Julian Oliver julian at selectparks.net
Thu Mar 20 08:46:57 EST 2008


..on or around Wed, Mar 19, 2008 at 01:23:35PM -0700, Jim Andrews said:
> open source is important to the longevity of projects, of course.
> 
> so is an interesting, featureful, rich dev tool. director is not 'open
> source', but it has been around, as paul notes, for quite a long time. it
> was started in 1987. it is quite featureful, by now. and extensible via
> xtras. and available for pc and mac. and the dev community is extrordinarily
> knowlegeable and open. director can generate either standalone executables
> or shockwave output that'll run in browsers.

some browsers on some machines. i prefer to use Linux as a development
environment and so cannot few shockwave content or use Director. flash
content however is fine. 

nonetheless, regardless of platform, i wouldn't use Director. that's not
to say it doesn't look relatively feature rich: i enjoyed playing around
with Lingo at a recent workshop.

> 
> ideally, tools would be open source but developed by a dedicated team of
> coordinated programmers with the resources of a philanthropist. ha. sure.

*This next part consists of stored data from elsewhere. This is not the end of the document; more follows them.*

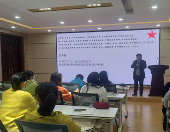在读书分享环节,金年会官网教工第一支部书记,读书会发起人郭飞老师以《读经典、学党史,红星指引青春:我们一起读Red star Over China 》为题,向大家介绍、阐释该书的有关内容,分享个人阅读体会。他介绍Edgar.snow(埃德加.斯诺)的生平经历及其前去延安采访的背景;带领大家品读一个记者眼中的三位伟人(毛泽东、朱德、彭德怀)的人物形象;结合图片,郭飞还向同学们讲解了长征的历程,利用《飞夺泸定桥》和《过雪山草地》等影视、歌曲资料帮助同学们了解和感悟长征的艰难险阻及当今幸福生活的来之不易。最后,他提出有关思考题跟部分同学进行互动。他鼓励同学们多读经典,多读原著。他说: “读英文原著,学会用英语讲解我们自己的故事,这是语言学习者的责任与担当。”
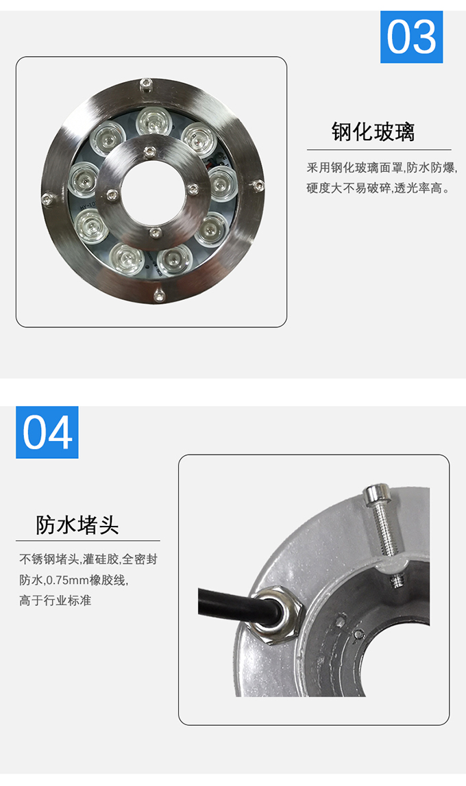 3.釆用鋼化玻璃面罩,防水防爆,硬度大不易破碎,透光率高。
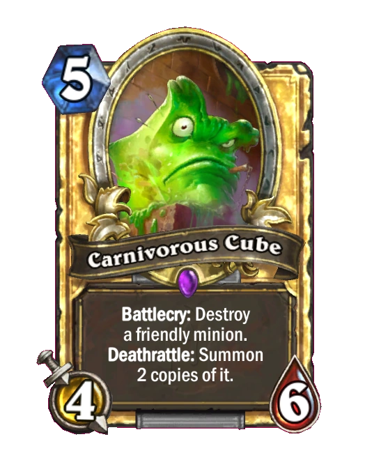 - The two minions summoned by the Carnivorous Cube's Deathrattle will be in their base state, undamaged and with no enchantments, regardless of the state of the original minion at the time it was destroyed by the Cube.
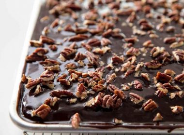Потребни состојки:400 грама шеќер240 грама брашно¼ лажица сол4 лажици какао220 грама путер230 милилитри топла вода230 милилитри матеница2 јајца1 лажичка сода бикарбона1 лажичка екстракт од ванилаПотребни состојки за глазура:60 грама сечкани […]
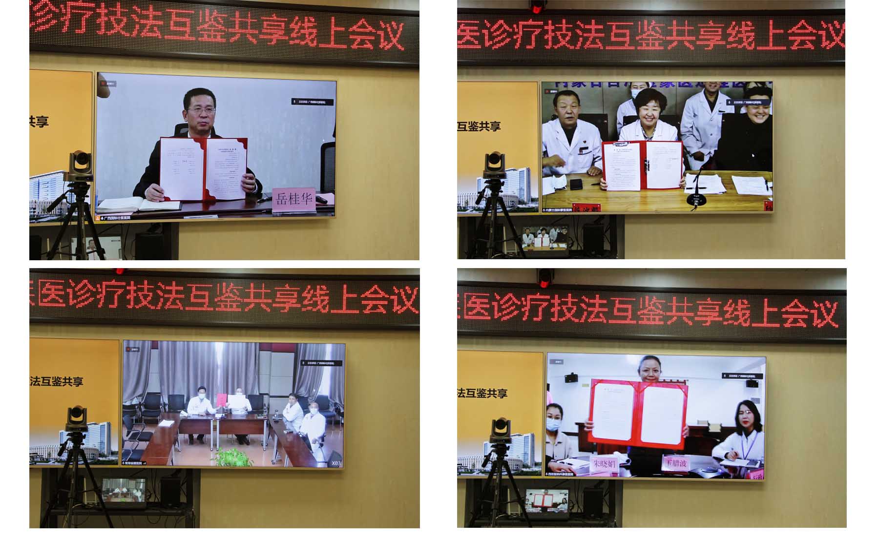 广西国际壮医医院院长岳桂华、内蒙古国际蒙医医院院长陈沙娜、青海省藏医院副院长万玛拉旦、西双版纳傣族自治州傣医医院副院长玉腊波分别介绍了各自医院情况,并线上签订了四方合作框架协议。根据合作协议,藏、蒙、傣、壮医将在民族医学特色诊疗技法、人才培养、学术交流、科研合作等方面,互鉴共享,共同发挥民族医药的优势,为建设健康中国贡献民族医药力量。

many tools are. i've worked almost exclusively with open-source tools
for around 8 years. i'm so used to it now i don't think to consider
using proprietary tools, though i like to keep in touch with what's out
there. moreso i have a personal policy not to teach students tools they
cannot afford to own themselves, especially in publically funded
institutions.

as an artist however, i feel i have everything i need in the open source
software realm (with the exception of a more slightly more stable video
editor). it wasn't like that some years ago however, a fun challenge but
a challenge nonetheless..

> 
> you mention timing in director, julian. http://vispo.com/nio and
> http://vispo.com/jig are a couple of interactive audio projects for the web
> i've done that synchronize interactively re-arrangeable sequences and layers
> of audio files (and animations, in the case of nio). the source code of nio
> is available for download. i wrote an essay on audio programming in director
> as part of the nio project. this explains how to do that sort of
> synchronization in director. the essay was published by macromedia, also, as
> part of the director documentation. over the years, i've had various
> inquiries from programmers wanting to do that sort of synchronization. the
> nio code has not yet needed updating, however; it still runs ok.
> 
> i see your packetgarden project is done primarily (or exclusively?) with
> python. i have heard good things about python but have not done any work
> with it.
> 

Python is a great interpreted language. it's certainly more fun to write
in than compiled languages like C and C++, which is where i find myself
most of the time these days. i feel Python is sketching whereas C++ is
more akin to technical drawing.

> i note you say packetgarden is not net art because it isn't delivered
> through the browser. it's pretty net-oriented, though. it's all about data
> visualisation of personal net usage. dunno, i think i'd call it net art.
> certainly it needs a net connection, doesn't it? isn't that the way some
> people define net art: needs a connection and does something interesting
> with it artistically?

my distinction, one shared by some other people, is that net art is a
kind of art that is internet delivered, rather than art that is simply
about the internet or derives some aspect of form from internet traffic.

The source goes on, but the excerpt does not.